## ENTRIES SHOWN

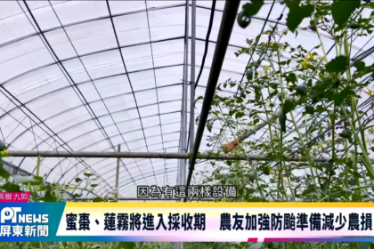 鳳凰颱風逼近,農民嚴陣以待,現高樹蜜棗已長至中果期,農民除擔心強風豪雨會毀壞溫網室設備,也怕會有落果情形,只能...
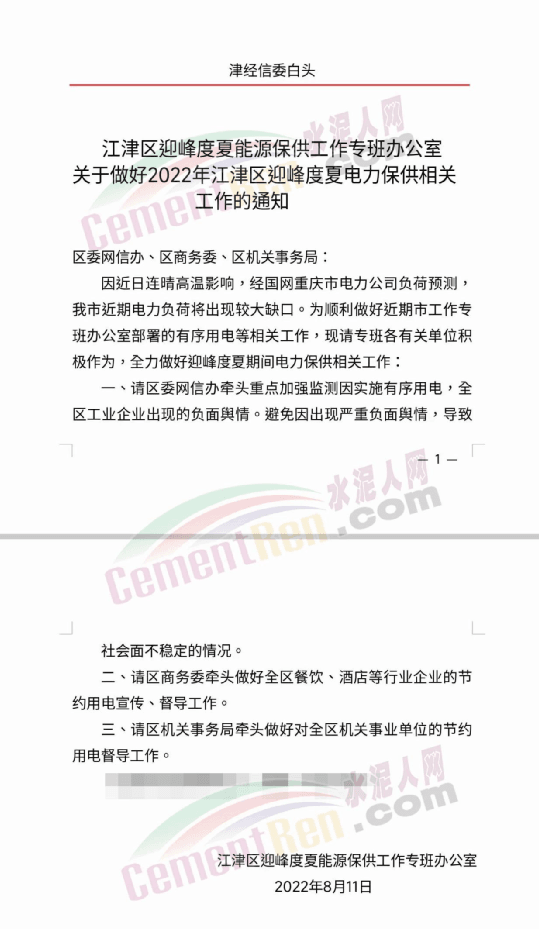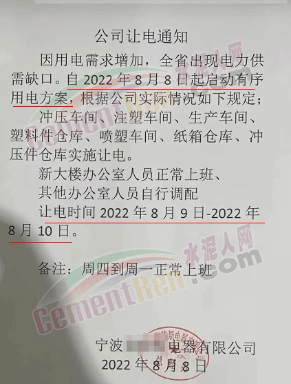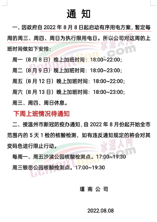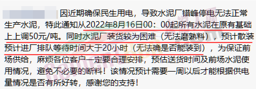 區(qū)域內(nèi)一家水泥企業(yè)緊急通知,因近期確保民生用電,導(dǎo)致水泥廠錯峰停電無法正常生產(chǎn)水泥,特此通知!從2022年8月16日00:00起所有水泥在原有基礎(chǔ)上上調(diào)50元/噸。同時水泥廠裝貨較為困難(無法磨熟料),預(yù)計散裝預(yù)計進廠排隊等待時間大于20小時(無法確是否能裝到),為保證前場供給,麻煩各位客戶一定要合理安排,預(yù)估送貨時間及前場水泥使用情況,避免不必要的斷料。該情況預(yù)計需要一周以后才能根據(jù)供電量情況是否有所好轉(zhuǎn)。
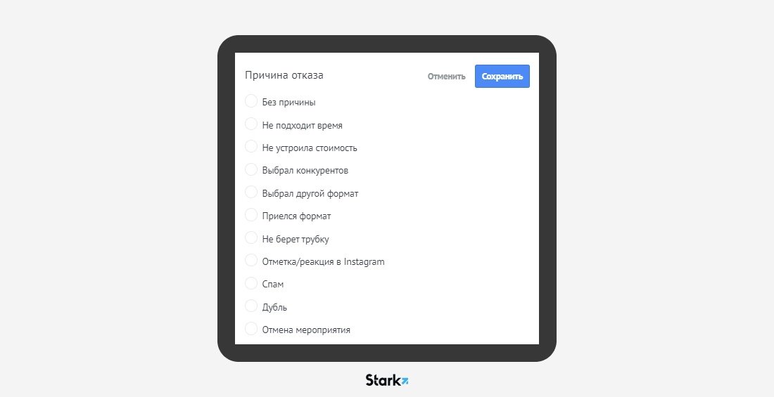 Мы уделили отдельное внимание пункту «Отказ от сделки» и внесли 10 возможных причин. Таким образом, у нашего заказчика будет возможность анализировать и улучшать всю воронку, особенно в тех моментах, когда клиенты отказываются от проведения мероприятия.
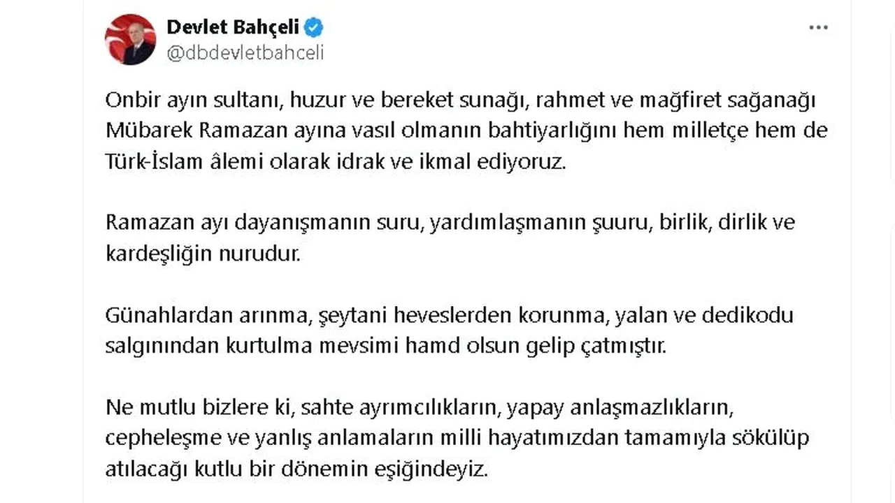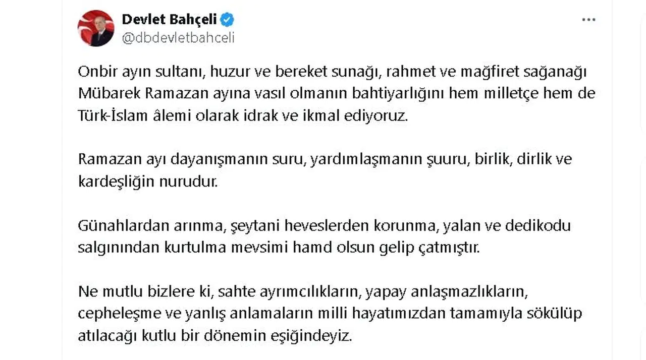 MHP Genel Başkanı Devlet Bahçeli, ramazan ayının başlangıcı nedeniyle sosyal medya hesabından paylaştığı mesajda, "11 ayın sultanı, huzur ve bereket sunağı, rahmet ve mağfiret sağanağı mübarek ramazan ayına vasıl olmanın bahtiyarlığını hem milletçe hem de Türk-İslam alemi olarak idrak ve ikmal ediyoruz. Ramazan ayı dayanışmanın suru, yardımlaşmanın şuuru, birlik, dirlik ve kardeşliğin nurudur. Günahlardan arınma, şeytani heveslerden korunma, yalan ve dedikodu salgınından kurtulma mevsimi hamdolsun gelip çatmıştır. Ne mutlu bizlere ki sahte ayrımcılıkların, yapay anlaşmazlıkların, cepheleşme ve yanlış anlamaların milli hayatımızdan tamamıyla sökülüp atılacağı kutlu bir dönemin eşiğindeyiz. Sahurdan iftara kadar hep birlikte ifa ve icra edeceğimiz dua ve ibadetlerimizle oruçlarımızın hakkını vereceğimize yürekten inanıyorum" dedi.
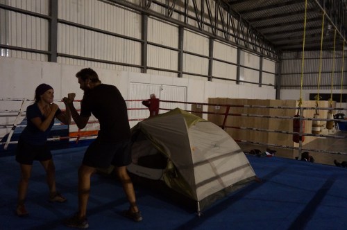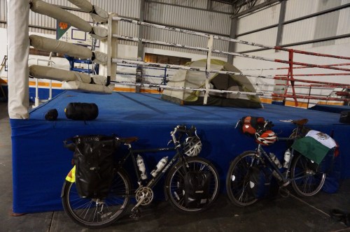 After taking pictures with the awestruck children, and trying to clarify that our panniers were filled with stinky clothes and not Christmas presents, the oldest girl and the boy took us to a closeby taqueria for yummy and dirt-cheap tacos. The boy just grinned at me while I, Santa Tom, devoured my chorizo tacos. Afterwards we bid our goodbyes and went to the local Oficina de Procteccion Civil to sort out a place to sleep for the night. The proteccion civil provides emergency medical services to towns throughout Mexico, and had been recommended to us as a good place to ask for a safe campsite. Well, this proteccion civil happened to be located adjacent to a big gymnasium, and after a quick inquiry we were allowed to camp inside. After sleeping in a city hall auditorium back in Jala we thought we couldn’t find a more obscure spot to camp…but alas, we were mistaken. For the sake of our comfort, we were told to set up our tent in the boxing ring surrounded by punching bags and weightlifting machinery. This one takes the cake!

## ASSIGNED TASK
Return only the lines from the start of the data through the line that contains "Мы уделили отдельное", please, copying them exactly and omitting all pictures.

## EXPECTED ANSWER
 鳳凰颱風逼近,農民嚴陣以待,現高樹蜜棗已長至中果期,農民除擔心強風豪雨會毀壞溫網室設備,也怕會有落果情形,只能...
 區(qū)域內(nèi)一家水泥企業(yè)緊急通知,因近期確保民生用電,導(dǎo)致水泥廠錯峰停電無法正常生產(chǎn)水泥,特此通知!從2022年8月16日00:00起所有水泥在原有基礎(chǔ)上上調(diào)50元/噸。同時水泥廠裝貨較為困難(無法磨熟料),預(yù)計散裝預(yù)計進廠排隊等待時間大于20小時(無法確是否能裝到),為保證前場供給,麻煩各位客戶一定要合理安排,預(yù)估送貨時間及前場水泥使用情況,避免不必要的斷料。該情況預(yù)計需要一周以后才能根據(jù)供電量情況是否有所好轉(zhuǎn)。
 Мы уделили отдельное внимание пункту «Отказ от сделки» и внесли 10 возможных причин. Таким образом, у нашего заказчика будет возможность анализировать и улучшать всю воронку, особенно в тех моментах, когда клиенты отказываются от проведения мероприятия.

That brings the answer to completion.